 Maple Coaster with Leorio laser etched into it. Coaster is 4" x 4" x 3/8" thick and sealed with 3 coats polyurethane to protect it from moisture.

* * *

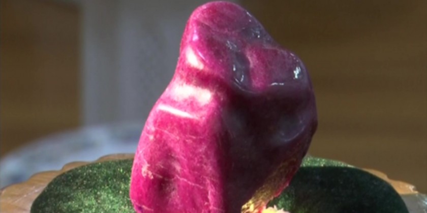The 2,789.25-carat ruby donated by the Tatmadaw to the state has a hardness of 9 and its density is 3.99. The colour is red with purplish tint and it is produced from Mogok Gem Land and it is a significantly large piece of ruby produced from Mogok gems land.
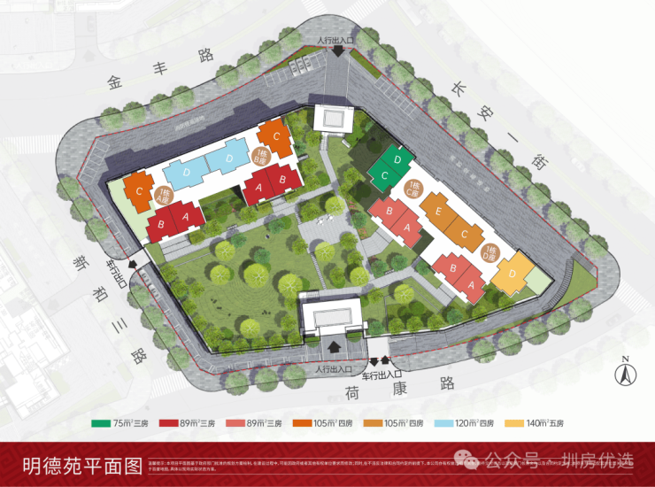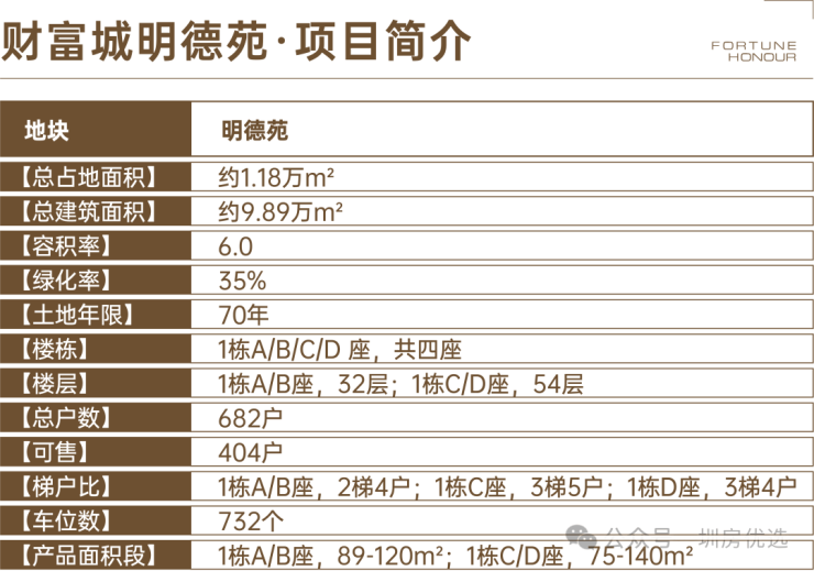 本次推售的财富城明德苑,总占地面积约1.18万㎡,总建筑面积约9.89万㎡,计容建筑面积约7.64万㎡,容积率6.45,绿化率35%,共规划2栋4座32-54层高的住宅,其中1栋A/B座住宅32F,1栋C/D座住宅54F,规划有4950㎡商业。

- The task: To complete this exercise, transcribe exactly the lines above from the one that holds "The 2,789.25-carat ruby" through the one that holds "本次推售的财富城明德苑,总占". Pictures stay out.

- Exercise solution:
The 2,789.25-carat ruby donated by the Tatmadaw to the state has a hardness of 9 and its density is 3.99. The colour is red with purplish tint and it is produced from Mogok Gem Land and it is a significantly large piece of ruby produced from Mogok gems land.
 本次推售的财富城明德苑,总占地面积约1.18万㎡,总建筑面积约9.89万㎡,计容建筑面积约7.64万㎡,容积率6.45,绿化率35%,共规划2栋4座32-54层高的住宅,其中1栋A/B座住宅32F,1栋C/D座住宅54F,规划有4950㎡商业。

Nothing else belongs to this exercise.